À l’autre extrémité de la « Lande noire », du côté de Greenwich, le voisinage était tout aussi prestigieux. Adossées au parc royal, deux demeures ont marqué l’histoire. Montagu House fut, de 1797 (ou 1799) à 1812, la résidence londonienne de Caroline de Brunswick, l’épouse et cousine du prince de Galles, lui-même fils de Georges III. Du fait d’une détestation réciproque et publique, les époux se séparèrent après la naissance de leur fille et héritière du trône, la princesse Charlotte. De 1807 à 1813, la demeure voisine, Chesterfield House, fut occupée par Augusta, la mère de Caroline, qui était l’épouse du duc de Brunswick ainsi que la sœur de Georges III. En 1816, à la mort de sa mère, Caroline s’y installa. En 1806, elle avait été nommée Gardienne (Ranger) du parc royal de Greenwich par son beau-père. Chersterfield House, ou Brunswick House, devint alors la résidence officielle du Ranger de Greenwich Park, et fut connue sous le nom de Ranger’s House. C’est aujourd’hui un musée géré par English Heritage et le lieu d’exposition de la Wernher Collection. Parmi les œuvres réunies par sir Julius Wernher, un magnat du diamant, citons des tableaux de sir Joshua Reynolds, George Romney ou encore John Hoppner.

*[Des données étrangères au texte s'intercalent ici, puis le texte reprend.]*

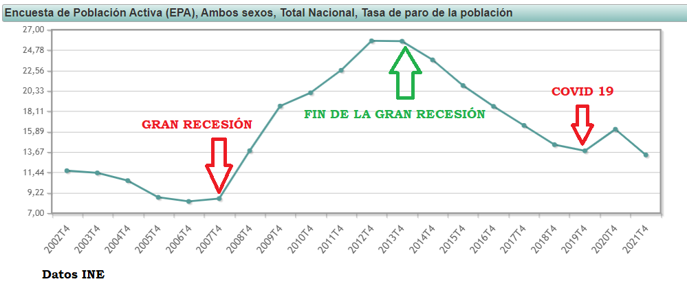 De 2002 a 2008 la economía estaba en crecimiento, el paro se situaba bajo y decreciente, hasta la crisis de las hipotecas subprime, también conocida como gran recesión en septiembre de 2008, a partir de ahí el paro empieza a subir y dura hasta que la economía empieza a crecer, generándose trabajos, lo que ocurre en 2013.

De l’autre côté du parc, on trouve encore Vanbrugh Castle, qui était la résidence de sir John Vanbrugh 1664-1726), l’un des architectes phares du mouvement baroque, créateur notamment de Blenheim Palace et Castle Howard. Il n’eut guère le loisir d’en profiter, puisqu’il édifia sa demeure dans les années 1720, peu de temps avant sa mort. L’édifice est aujourd’hui divisé en appartement de grand luxe.

Les touristes qui visitent les musées de Greenwich et les Londoniens qui viennent se promener dans le parc ne savent sans doute pas que cette immense « Lande noire » est autant marquée par l’histoire du royaume et fut naguère l’une des villégiatures les plus prisées de la campagne londonienne.